I totally agree with Moore when it comes to the American health-care system: it's broken and has to be fixed. I support government-funded universal healthcare. Moore's health insurance horror stories, though, were not very surprising. The media has shown such cases numerous times. Of course, I don't live in the States, but I'm quite sure the source of most reports I've seen on the subject is the US mainstream media.
My main problem with the film is the rosy depiction of other health-care systems. As someone who lives in a country with socialized medicine, I know that the system we have here is better than the market-based system in the States, but that our system, too, has problems. There are a lot of problems with the systems in Canada, Britain and France. I've seen quite a few reports on BBC World and Sky News about calls to reform the National Health Service.
The scenes in France were particularly annoying. Moore focuses at length on the many social benefits the French government bestows upon citizens and residents, much of it excessive, and asks how the French aren't drowning in taxes. How does he prove that they aren't? He goes to one (yes, that is one [1]) family and shows that they're living the good life. Other than a mortgage, they aren't in any debt! They fly off to some other place in the world once every year! So what? That doesn't really prove much, other than the fact that I'd like to punch that couple in their faces. You can find people like that in pretty much every Western country, under any health-care and tax system.

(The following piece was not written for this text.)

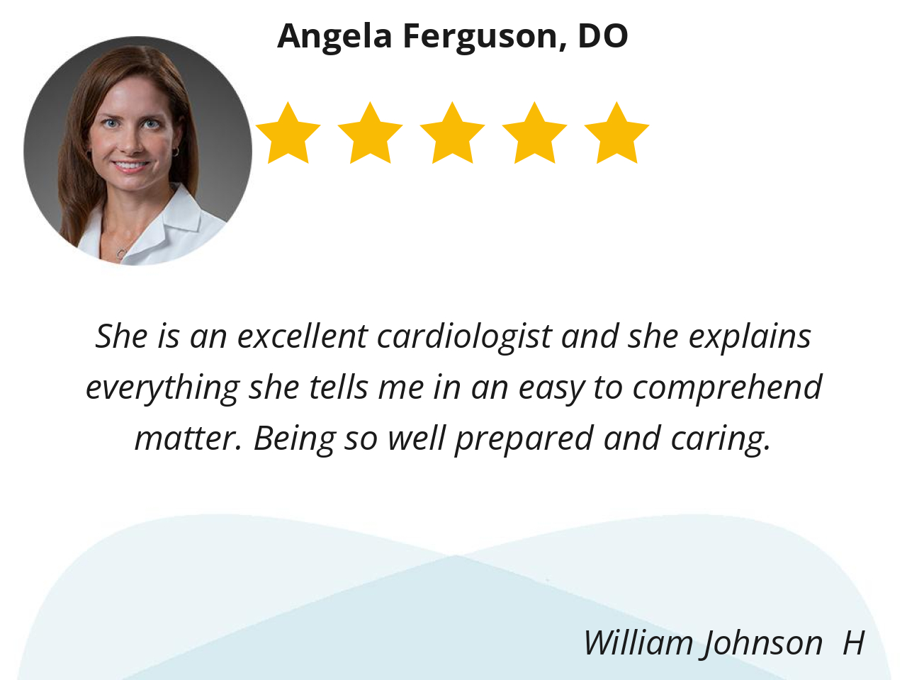 Dr. Ferguson is to me is a very smart doctor and concern to detail about all of my heart problems. she is a very good cardialogist. and I would recommend her to all my freinds and family.

The most problematic part of the documentary, of course, is when Moore takes a group of 9/11 rescue workers and other under-insured sick people to Cuba. At first, he claims he only wants to go to Guantanamo Bay, where detainees get free health insurance (a scene that might have inspired a similar scene in an Israeli docu-activist show, where journalists Orly Vilnai and Guy Meroz visit an Israeli prison where prisoners get free dental care, which isn't covered by Israel's national health insurance). Then, Moore takes his group to a Cuban hospital. Everything is presented as wonderful. Everything is free. It's first-class medicine. Does everybody get this kind of treatment in Castro's Cuba, or just the wealthy and the camera-wielding? We don't really know. Besides, even if Cuban healthcare is truly open to all citizens, would you rather live in Cuba or the States?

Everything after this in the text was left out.